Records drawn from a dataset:

__________

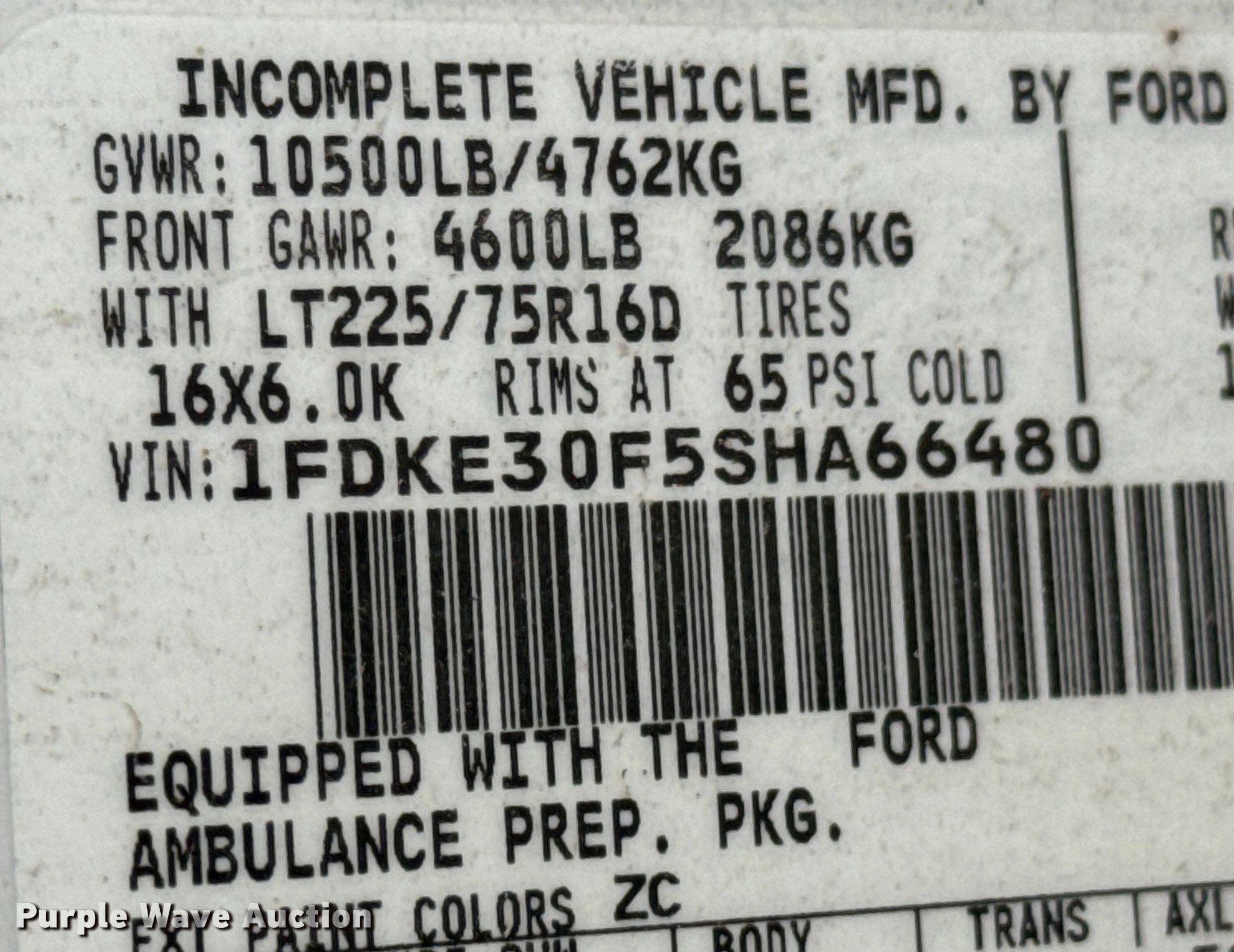 1995 Ford E350 ambulance. Miles: 139,214 on odometer, VIN: 1FDKE30F5SHA66480. Engine Displacement: 7.3L V8 OHV, Cylinders: 8, Fuel type: Diesel. Transmission Automatic. Chassis Axles: Single, Suspension: Spring, Brakes: Hydraulic, GVWR: 10,500 lbs. Interior AC, Heat, Power windows, Power locks, Cruise control. Features Ambulance body PA/ siren controls, Oxygen hookups. Tires Size: LT225/75R16. Notes Dead battery. Kansas title. Title distribution may be delayed up to 14 days from verification of funds. Montgomery County Rural Fire Dist. 1. Independence, KS 67301
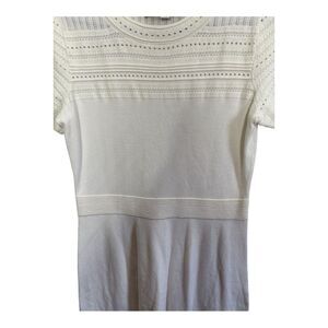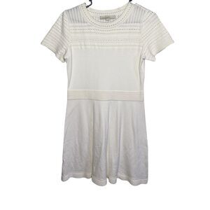 Loft Ivory Textured Yoke Flare MiniSweater Dress Size Small
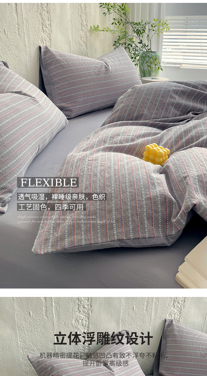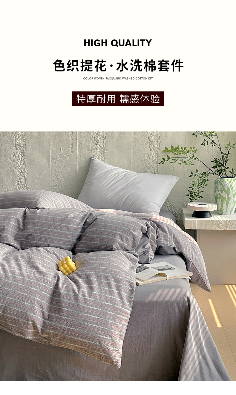 商品名称:(总)春皖家纺 2025春夏新款全棉纯棉色织提花斜纹水洗棉四件套
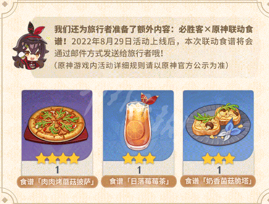 近期《原神》将开启与必胜客的联动活动,参与即可获得限时礼品。
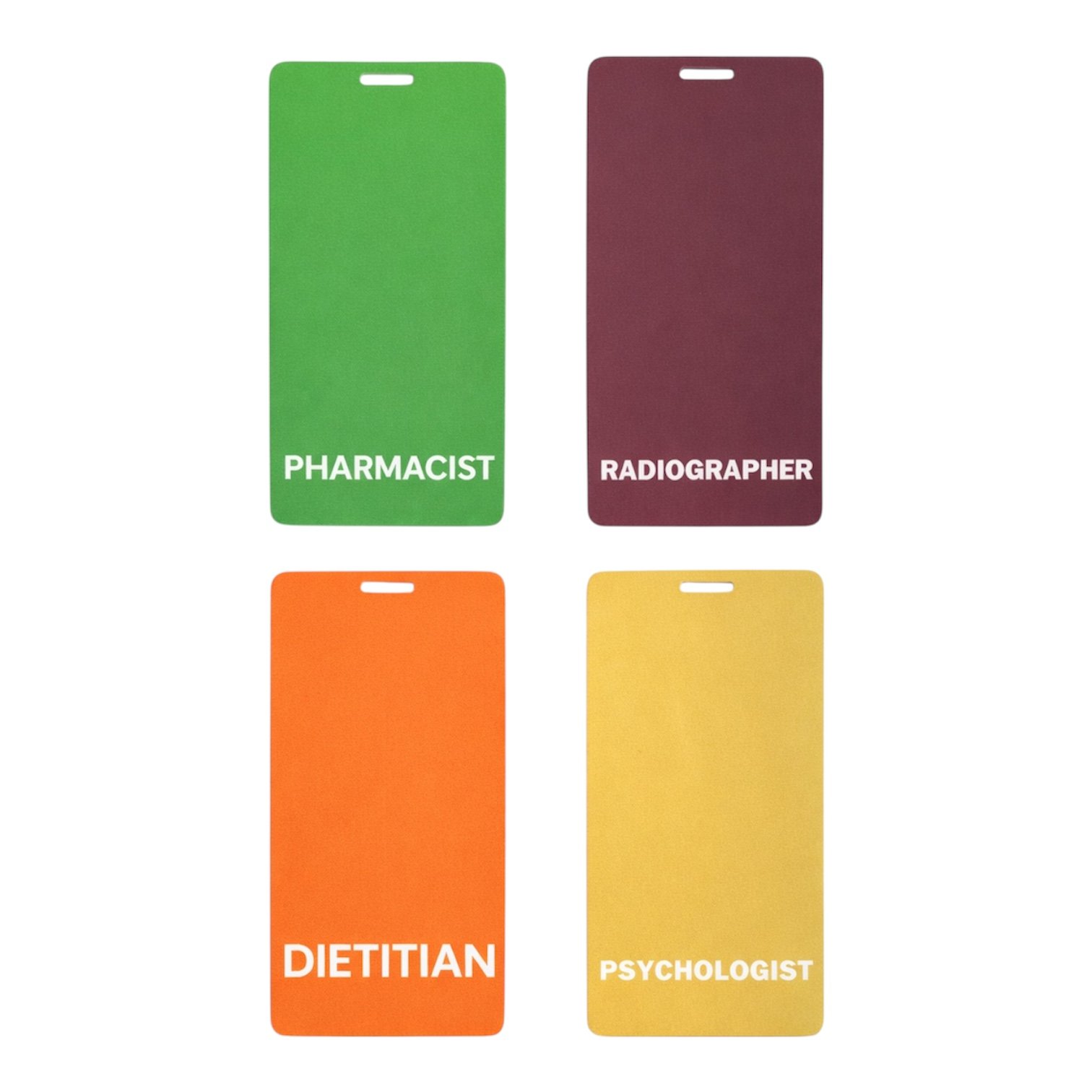 These healthcare identification badges are designed to be worn behind your existing staff ID card to help patients and colleagues quickly identify your role in busy healthcare environments.
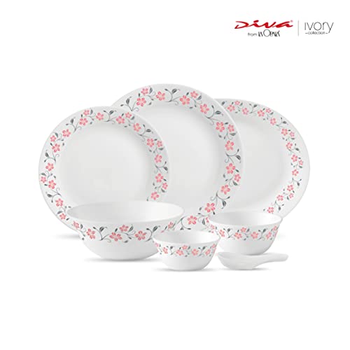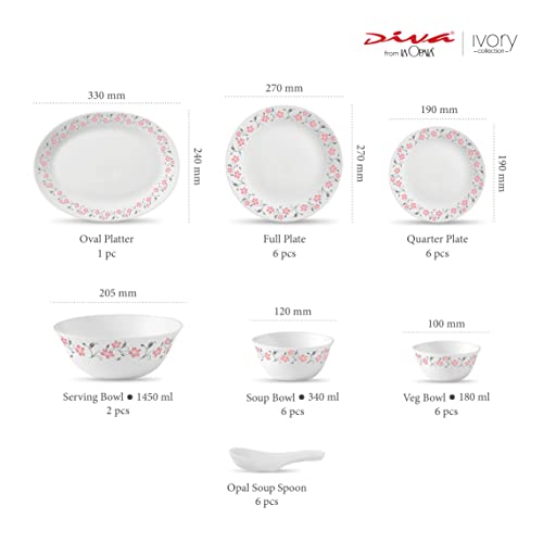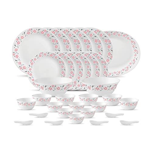 La Opala Diva Ivory Collection Opal Glass Dinner Set 33 pcs Grace Red White
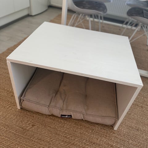 Myydään koiran muovinen peti. Käytönjälkiä, tahroja. Tuuletus reiät. Pituus n. 55 cm.
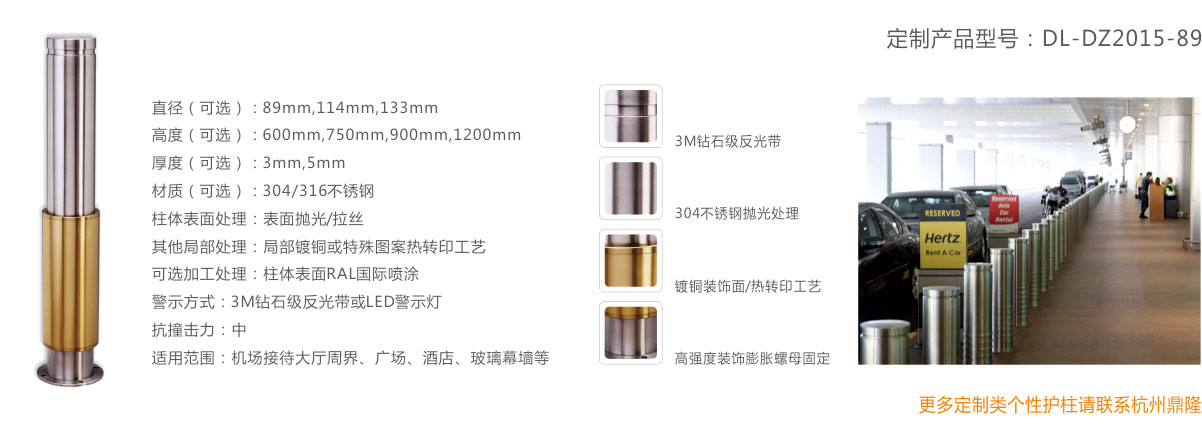 杭州鼎隆針對各區(qū)域景觀需求提供89mm、102mm、114mm、133mm等直徑的各類固定景護柱。FE、SS304、SS316及各種復合材料、各種管壁厚度、各種柱體及頂蓋設計的固定景觀護柱供客戶及設計單位選擇。在配套區(qū)域美觀的基礎上,同時亦能滿足區(qū)域周界的區(qū)域界定與防沖撞的要求。
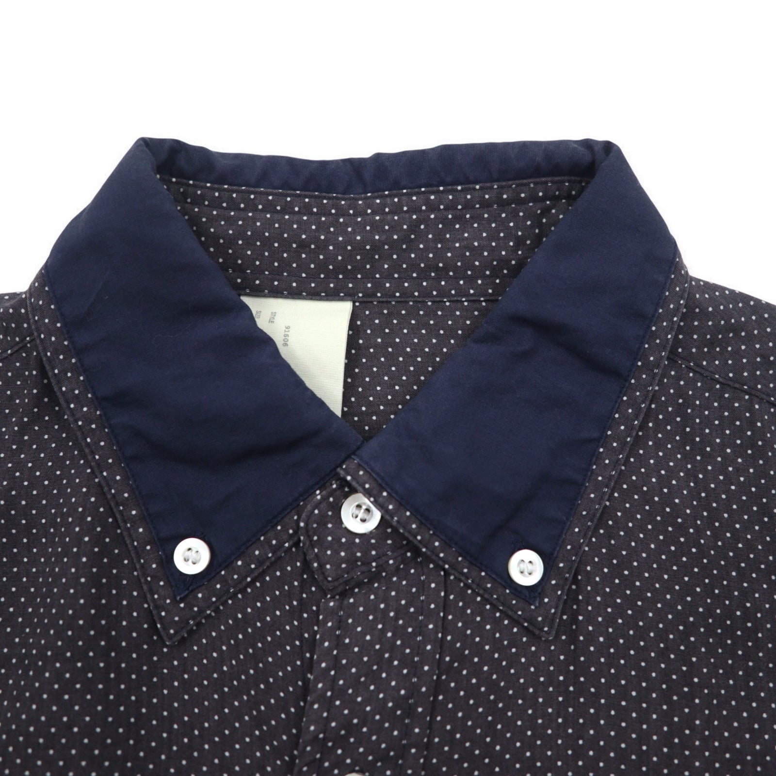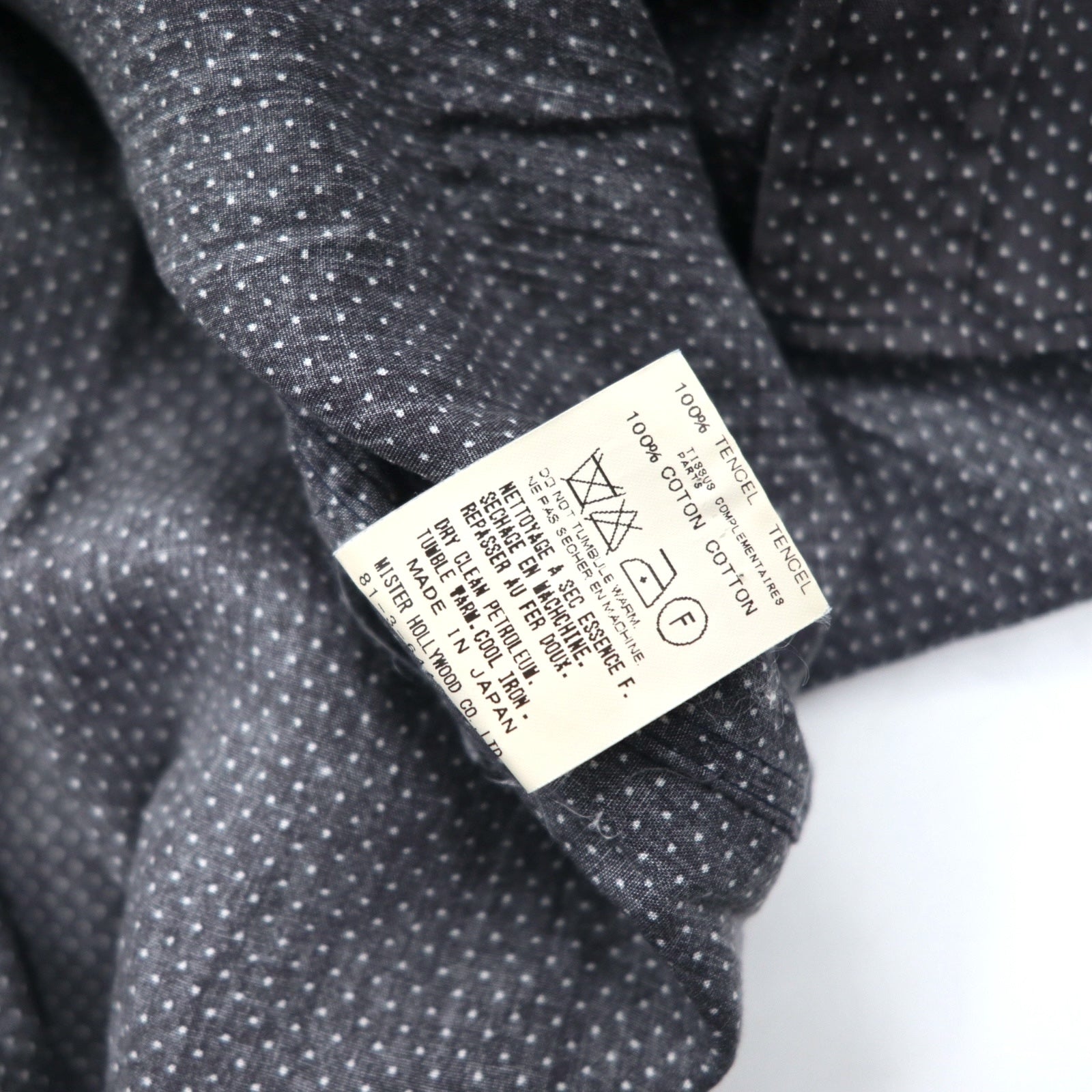 N.HOLLYWOOD レイヤードカラー ボタンダウンシャツ S グレー ドット柄 テンセル 91606 132-SH08 pieces 日本製

__________

(Problem description)
Transcribe each entry above exactly, apart from the pictures.

(Result for this exercise)
 1995 Ford E350 ambulance. Miles: 139,214 on odometer, VIN: 1FDKE30F5SHA66480. Engine Displacement: 7.3L V8 OHV, Cylinders: 8, Fuel type: Diesel. Transmission Automatic. Chassis Axles: Single, Suspension: Spring, Brakes: Hydraulic, GVWR: 10,500 lbs. Interior AC, Heat, Power windows, Power locks, Cruise control. Features Ambulance body PA/ siren controls, Oxygen hookups. Tires Size: LT225/75R16. Notes Dead battery. Kansas title. Title distribution may be delayed up to 14 days from verification of funds. Montgomery County Rural Fire Dist. 1. Independence, KS 67301
 Loft Ivory Textured Yoke Flare MiniSweater Dress Size Small
 商品名称:(总)春皖家纺 2025春夏新款全棉纯棉色织提花斜纹水洗棉四件套
 近期《原神》将开启与必胜客的联动活动,参与即可获得限时礼品。
 These healthcare identification badges are designed to be worn behind your existing staff ID card to help patients and colleagues quickly identify your role in busy healthcare environments.
 La Opala Diva Ivory Collection Opal Glass Dinner Set 33 pcs Grace Red White
 Myydään koiran muovinen peti. Käytönjälkiä, tahroja. Tuuletus reiät. Pituus n. 55 cm.
 杭州鼎隆針對各區(qū)域景觀需求提供89mm、102mm、114mm、133mm等直徑的各類固定景護柱。FE、SS304、SS316及各種復合材料、各種管壁厚度、各種柱體及頂蓋設計的固定景觀護柱供客戶及設計單位選擇。在配套區(qū)域美觀的基礎上,同時亦能滿足區(qū)域周界的區(qū)域界定與防沖撞的要求。
 N.HOLLYWOOD レイヤードカラー ボタンダウンシャツ S グレー ドット柄 テンセル 91606 132-SH08 pieces 日本製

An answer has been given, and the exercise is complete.